Analysts at Berenberg lowered their target price on construction firm Breedon Group Plc    from 540p to 465p on Friday following the group's trading update for the 10 months ended 31 October.
Breedon ultimately guided for full-year underlying earnings to come in roughly 4% lower than the prevailing consensus, as it said end-markets remained challenging through the year.

"The share price reaction on the day - the share price fell by c2% - suggests that these challenges were largely understood," said Berenberg, which lowered its forecasts and price target to reflect the updated guidance.

"Breedon is not suddenly a bad company, but not much has gone well for it this year. The weather, the macro and the politics have all conspired against it at various times.
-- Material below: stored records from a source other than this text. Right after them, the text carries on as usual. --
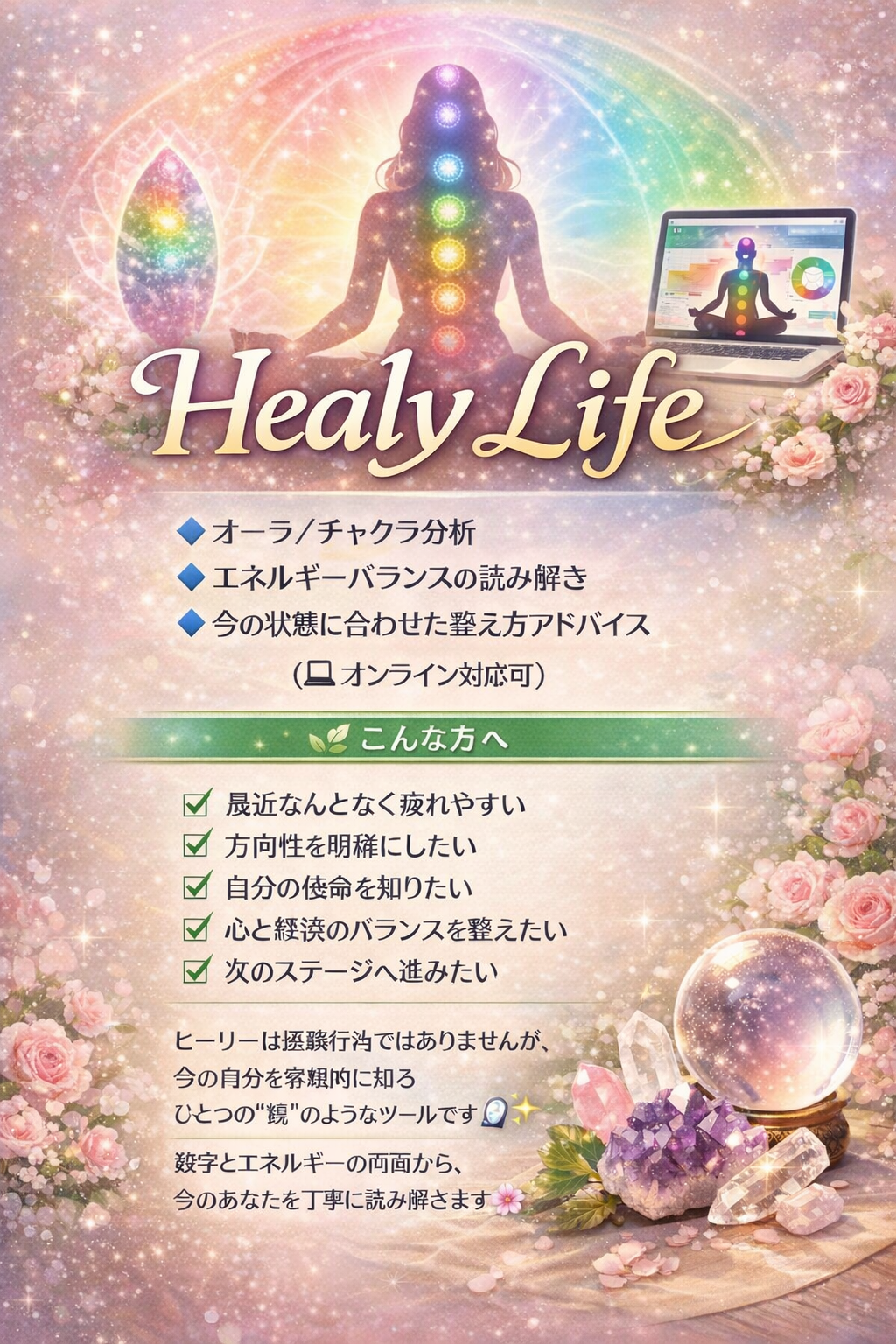 ヒーリーを活用し心と体とエネルギーを整える遠隔サポート。レゾナンスの分析で今の状態を可視化し必要な周波数を選択。丁寧なフィードバックと、アファーメンションで内側から整う体験をお届けします🎀
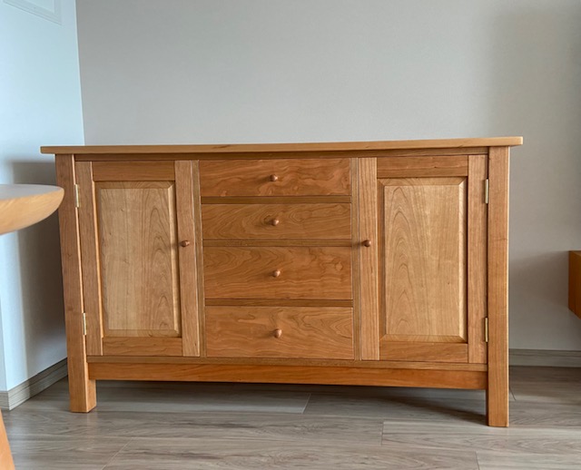 前と後ろの足というか柱になる部分が無垢で上下も無垢材がつかわれ、木の歪みを防ぐために突板です。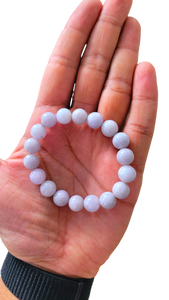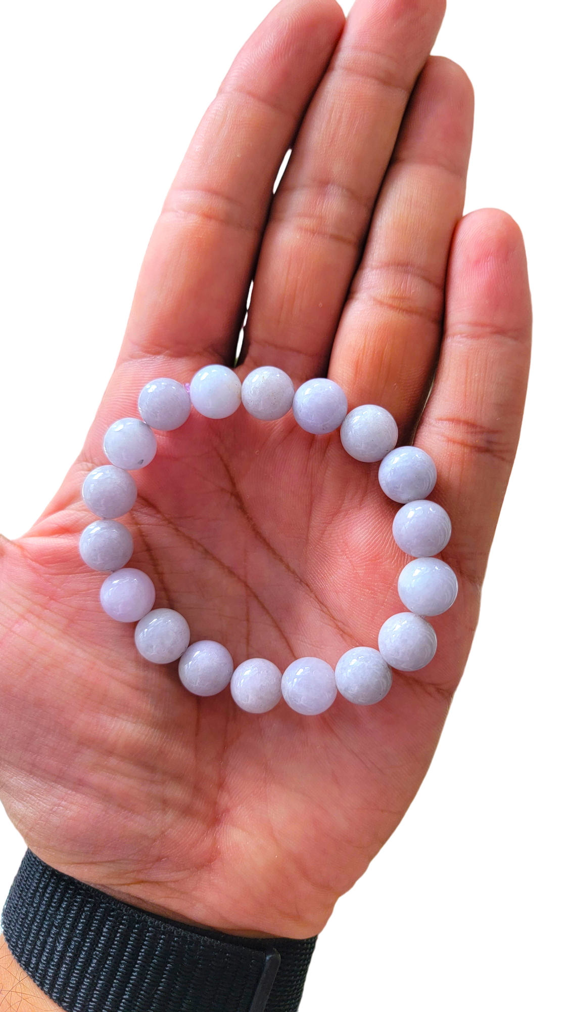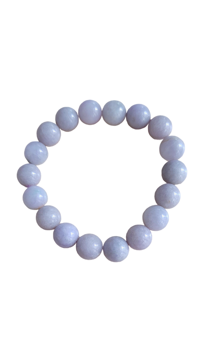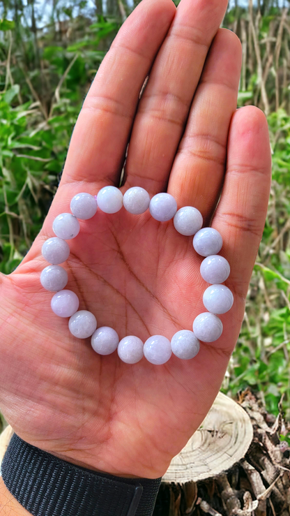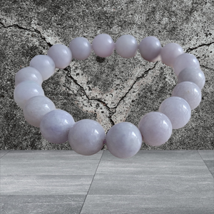 10mm each, 18 perfectly calibrated Lavender Jadeite Beads. Some of the rarest naturally occurring hues of Jadeite, this Burmese A-Jadeite Beaded Bracelet is perfect for an opulent look. Completely untreated and 100% natural, this is a great accompaniment to formal and casual settings alike.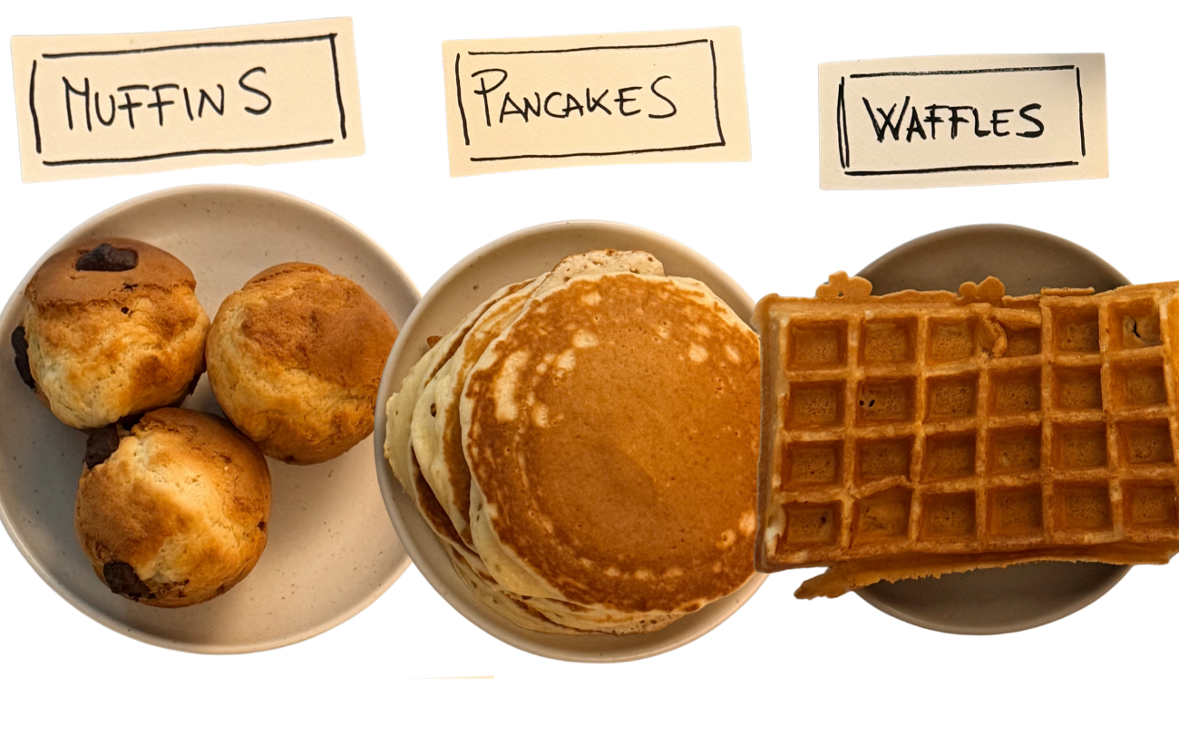 Con gli stessi ingredienti puoi creare tre dolci completamente diversi: muffins, pancakes e waffles nascono dallo stesso impasto, ma cambiano equilibrio e consistenza. Proporzioni, tecnica e cottura trasformano una base in tre strutture uniche. Perché in cucina non contano solo le ricette, ma come le fai.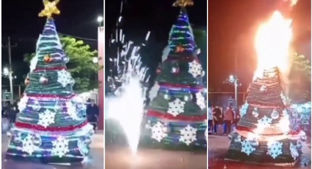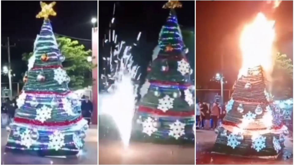 En segundos, el árbol de Navidad quedó envuelto en llamas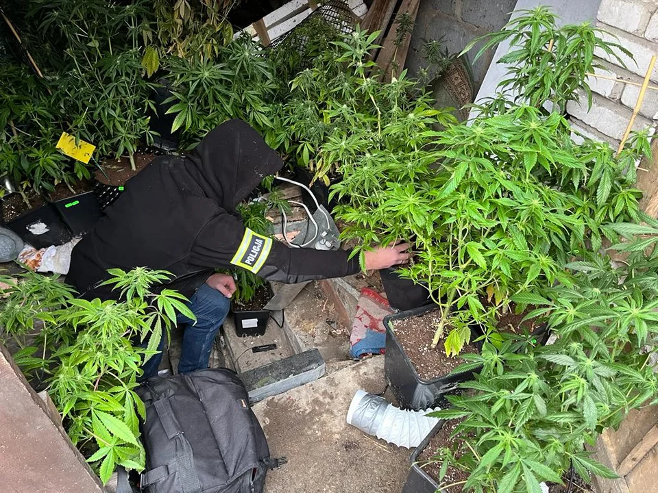 - Dodatkowo funkcjonariusze w budynkach gospodarczych na posesji odkryli dwa pomieszczenia piwniczne, w których znaleźli 45 doniczek z odurzającymi roślinami oraz urządzenia służące do ich uprawy. Wstępne badanie potwierdziło, że zabezpieczone rośliny to marihuana - dodaje kom. Magdalena Nowacka.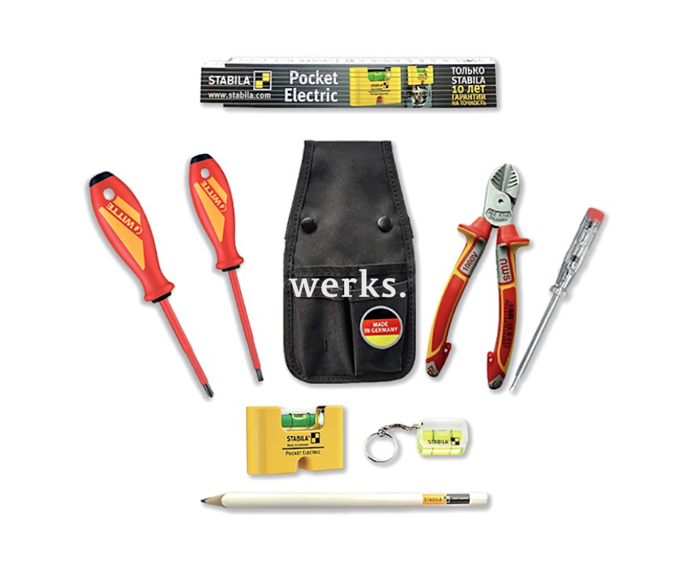 В комплект входят 8 предметов: 2 отвертки VDE SL и PH, пробник напряжения длиной 100 мм, бокорезы VDE NWS 160 мм, складной метр Stabila длиной 2 м, карманный пузырьковый уровень Stabila Pocket Electric, брелок-пузырьковая камера Stabila и карандаш. Все инструменты соответствуют стандартам VDE и безопасны для работы с элементами под напряжением до 1 000 В переменного тока. Поставка осуществляется в прочной поясной сумке размером 300х140х40 мм.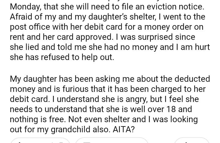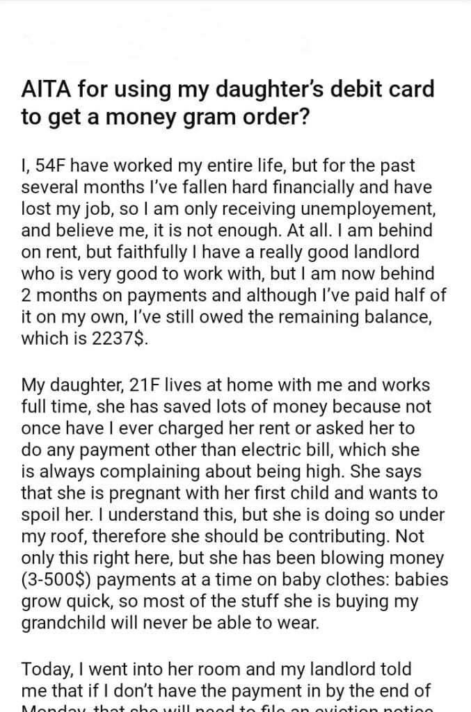 AITA for using my daughter’s debit to get a money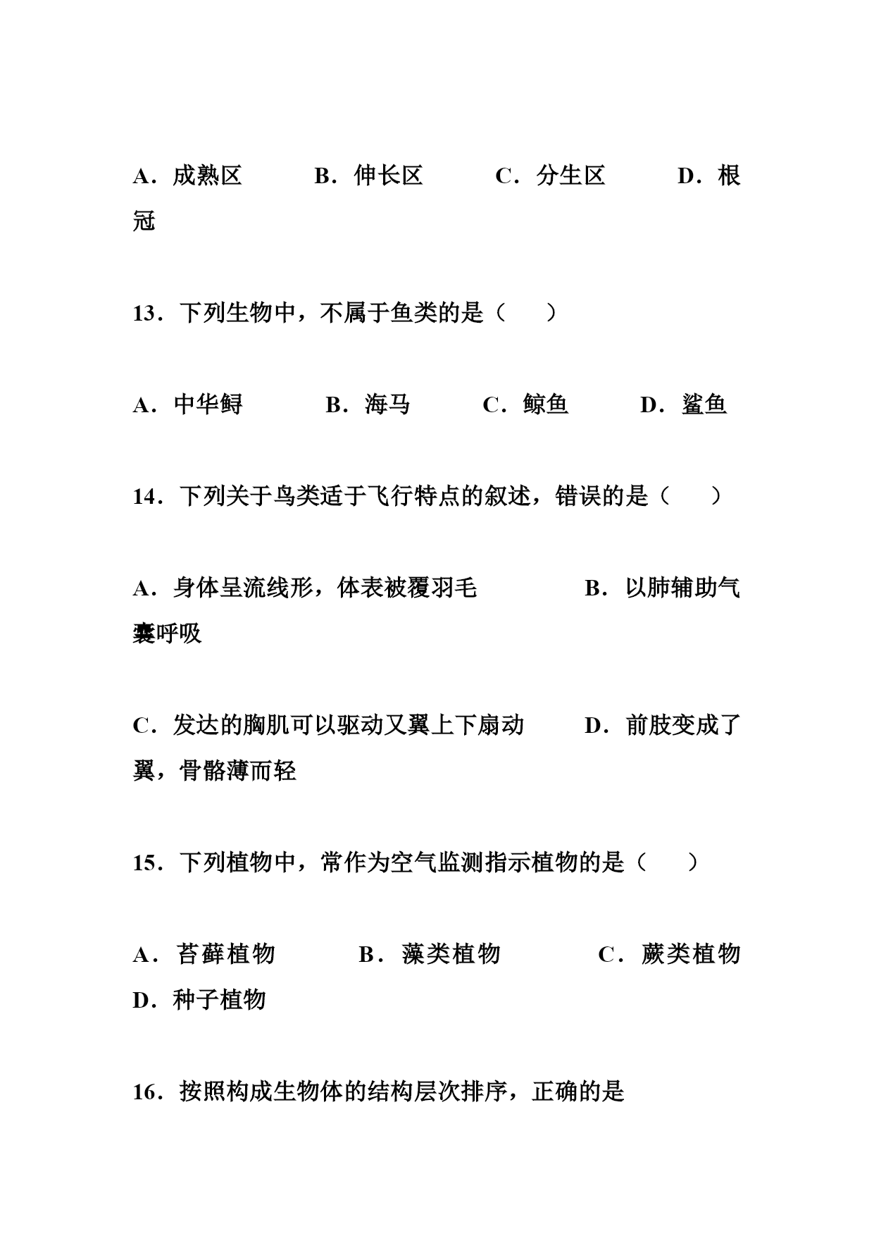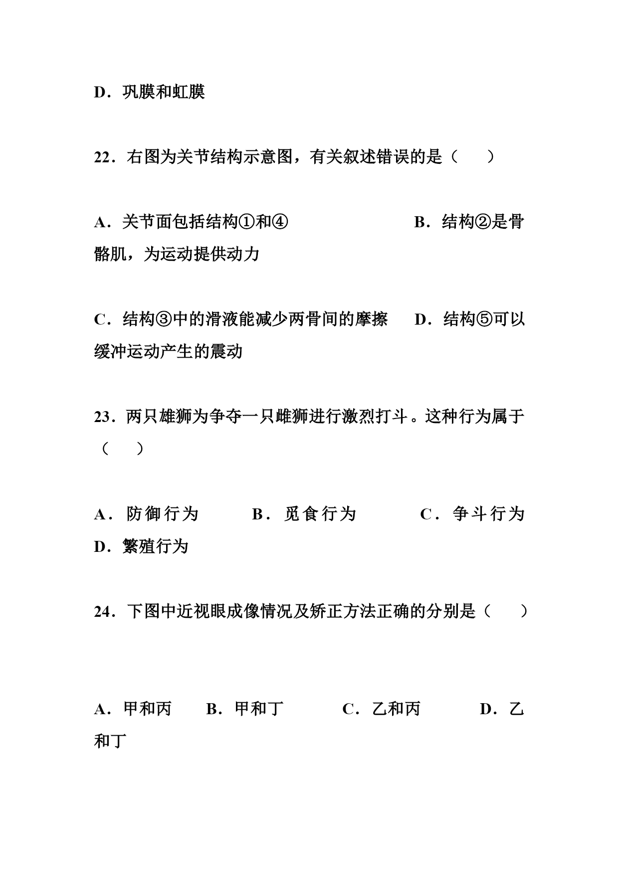 宿迁中考地理-江苏宿迁中考生物地理卷生物题和答案精编.doc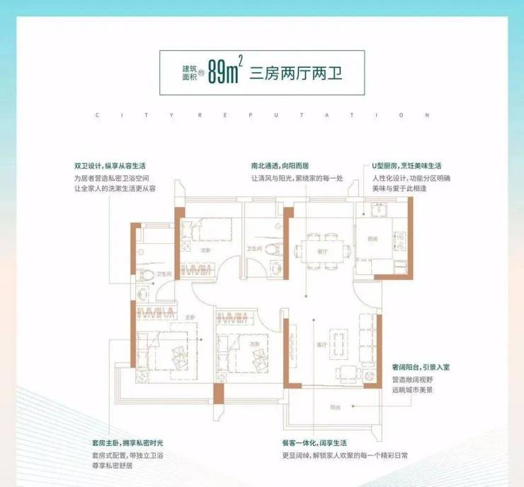 89㎡的3房2厅2卫,5栋02户型,设计的是经典竖厅格局,客厅3.6米开间,LDKB一体化,动静分区,三开间朝南,主卧270°转角飘窗,U型厨房,卫生间干湿分离,得房率:74.71%(不含赠送),西南或东南朝向。

Clearly calling the macro inflection point has proven tricky of late, but the volume of data points would make it hard to argue we are not close to, or around, a trough."

To that end, the German bank highlighted the longer-term prospects - saying the UK government's commitment to infrastructure and housebuilding should drive demand for building materials, while it also said the publication in Ireland earlier this year of the National Development Plan could drive a significant increase in infrastructure investment, and stated that there was still "considerable potential" to grow the business in US.

Berenberg, which reiterated its 'buy' rating on the stock, said Breedon's shares trade on 10x FY 2026 price-to-earnings ratio and 6x EBITD.